Another twist to the protein-knot story is provided by the structure of a SET-domain protein. The 'knotted' region in this protein fold is neither a topological nor a covalent knot. Instead, it consists of a loop held by hydrogen bonds that 'traps' the carboxy-terminal part of the chain. Perhaps our concept of a protein knot should be broadened to include these 'pseudo-knots' that are formed by hydrogen bonding as well as covalent links. The definition of a protein knot then becomes a matter of energetics: how many hydrogen bonds are needed? Or perhaps we need a continuum of crosslinks from covalent bonds, through hydrogen bonds, to van der Waals forces?

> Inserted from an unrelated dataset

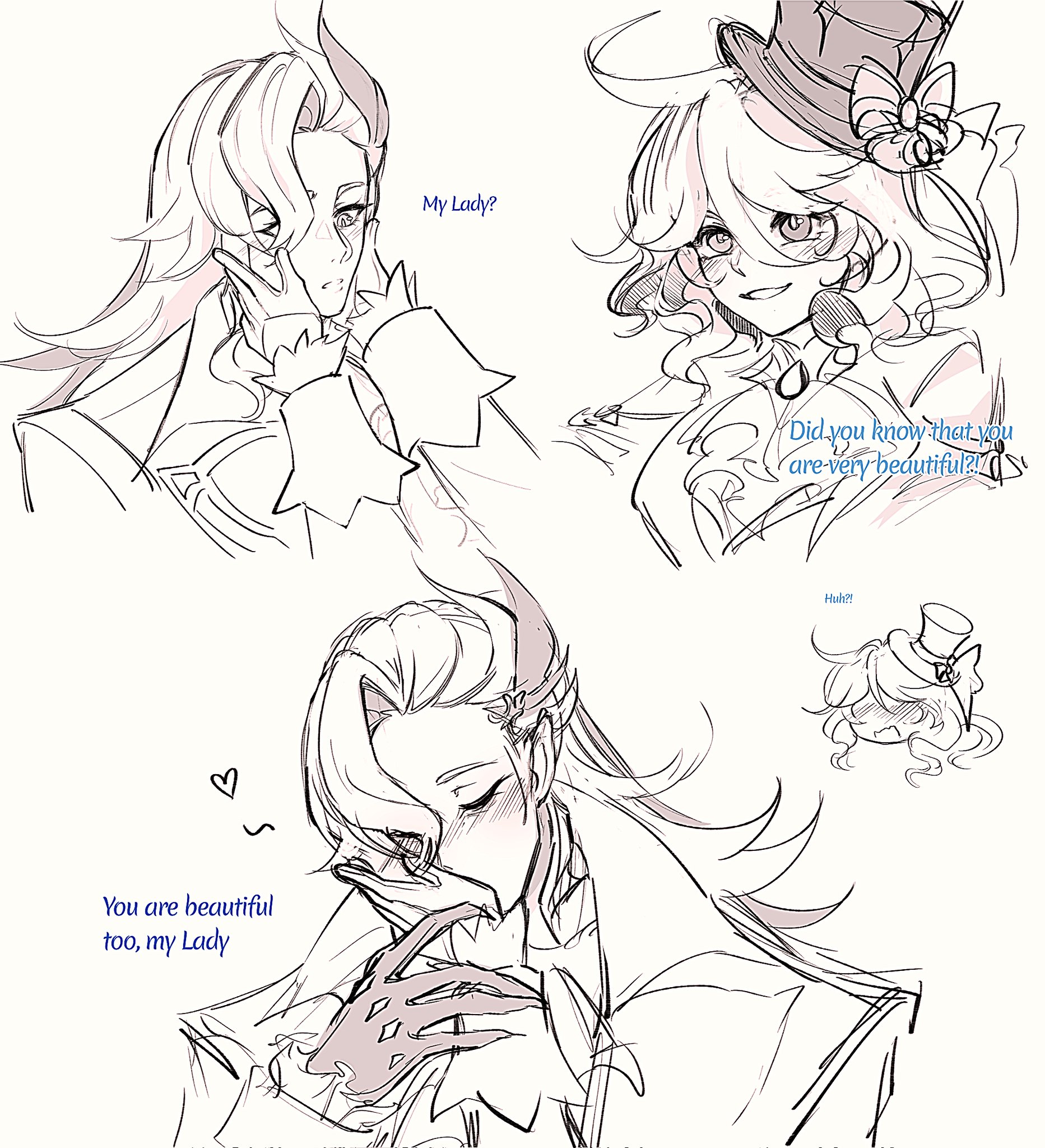 1boy 1girl blush bow collar couple english_text furina_(genshin_impact) genshin_impact gloves hair_between_eyes hand_on_another's_cheek hand_on_another's_face hat heart hetero highres kiss kissing_hand long_hair monochrome neuvillette_(genshin_impact) short_hair sketch vaffie_s wrist_cuffs

With the deluge of data anticipated from the various structural-genomics programmes currently being undertaken, we may soon have a large enough collection of folds to get a better idea of how frequent and important all forms of knots are to protein structure and function. If some of the ideas discussed above are correct, most will be of the shallow kind, and the few deep knots may require unusual folding mechanisms to account for them. The analysis of these should provide useful insight into how proteins fold. If knots are selected for some advantageous reason, then it might be expected that they will provide greater advantages in thermophilic bacteria. As the structures of proteins from both mesophilic and thermophilic organisms are being determined (the latest knot is from a thermophile), their comparison should provide a natural test-bed for this idea.


Protein Data Bank (PDB accession numbers for knotted proteins: 1QMG, 1YVE, 1IPA, 1GOZ, 1K3R, 1MT6, 1MVH, 1H3I, 1ML9, 1MLV).

Taylor, W. R. Nature 406, 916–919 (2000).

Taylor, W. R., May, A. C. W., Brown, N. P. & Aszodi, A. Rep. Prog. Phys. 64, 517–590 (2001).

Taylor, W. R., Xiao, B., Gamblin, S. J. & Lin, K. Comp. Biol. Chem. (in the press).

Mansfield, M. L. Nature Struct. Biol. 1, 213–214 (1994).